Some of them I've experienced myself - you sign up to manage a sporting team or part of a band and suddenly your work changes or your shifts change or you have multiple competing priorities with kids all over the place. People, it is not possible to wrangle hockey practice on one side of the city and flute choir on the other.
So yes, the biggest reasons people leave are personal commitments and circumstances. These folks love volunteering and want to give back to the community, says Lutsyke, but they can't manage everything, everywhere, all at once.
Next biggest reason: when we volunteer, we think we can compartmentalise, manage the demands. But mostly organisations who use volunteers make high demands on their people but have low resources to support those very people. Lutsyke says that on average, the people she and her team interviewed volunteered seven hours a week.
"That's a lot of work for something you are not paid for," she says.
Then volunteers leave because they feel a lack of inclusion within their chosen organisation - and that's separate to conflicts within the organisation or feeling left out. Poor leadership made the list. Then there's feeling like you don't really fit into the organisation - and poor communication including red tape and bureaucracy. Guessing that's where the 'compliance' problem arises. But as Lutsyke says: "That's not the major reason people leave." Of course it's not. Out of the seven reasons, it's right at the bottom.
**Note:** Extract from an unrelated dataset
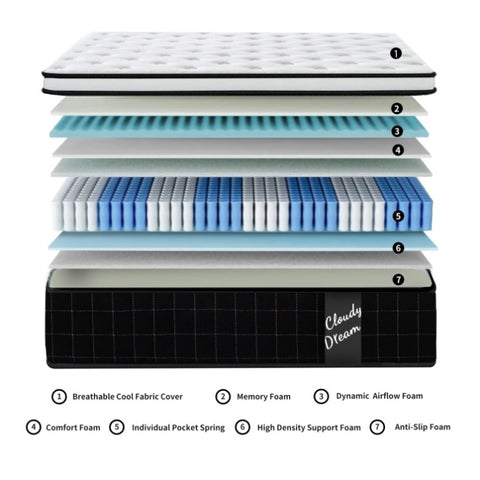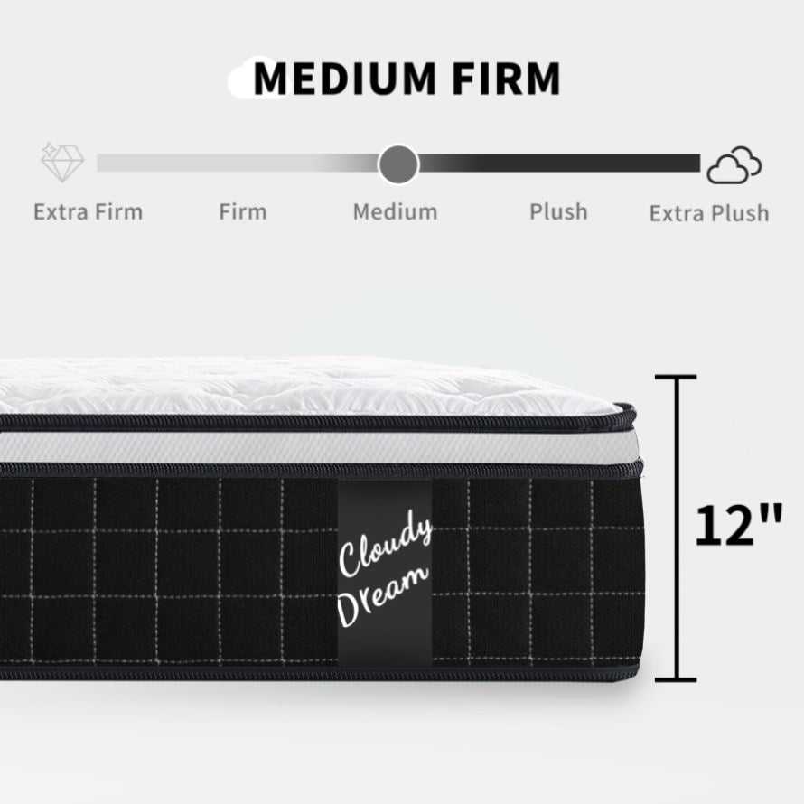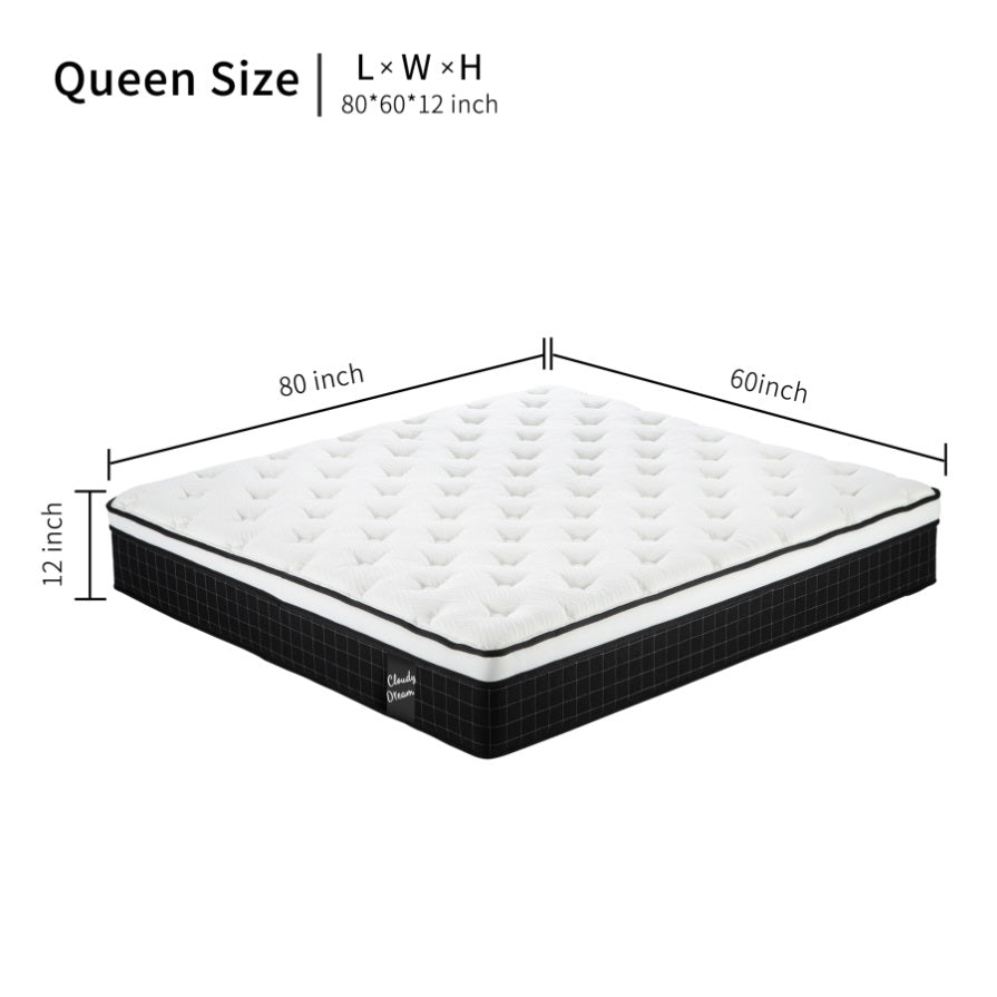 QUEEN Size 12 Inch Hybrid Mattress Individual Pocket Spring 7-Zoned Memory Foam Knitted Cover W3017P306878

Want to know why Rattenbury moved this amendment? In November last year, the High Court found a Catholic Church diocese could not be held vicariously liable for a priest's alleged sexual abuse of a child because the church did not directly employ him. Rattenbury's proposed amendment would, blessedly, expand the definition of employee to include someone akin to an employee. That would include office holders, owners, volunteers, contractors, priests and ministers. As Lanie Tindale explained yesterday, "The amendment would be retroactive, meaning victim-survivors of historical sexual abuse could take up legal action."
READ MORE JENNA PRICE:
Earlier this year, the ACT government proposed an $11 charge on working with vulnerable people (WWVP) cards. It was baffling.
As Mainul Haique wrote at the time, it is an "outrageous and unjust penalty on those who give so much to keep our community strong". Then the government added fuel to fire by suggesting that the new cost would be modest. There's always someone with a sense of humour in government with no discernible understanding of what our lives are like. What would politicians know about the impacts on people's budgets?
That proposal got dumped - because managing our volunteering commitments shouldn't cost us money. And this proposal, this amendment, must be passed because managing the safety of our children should never cost us their innocence.
- Jenna Price is a regular columnist.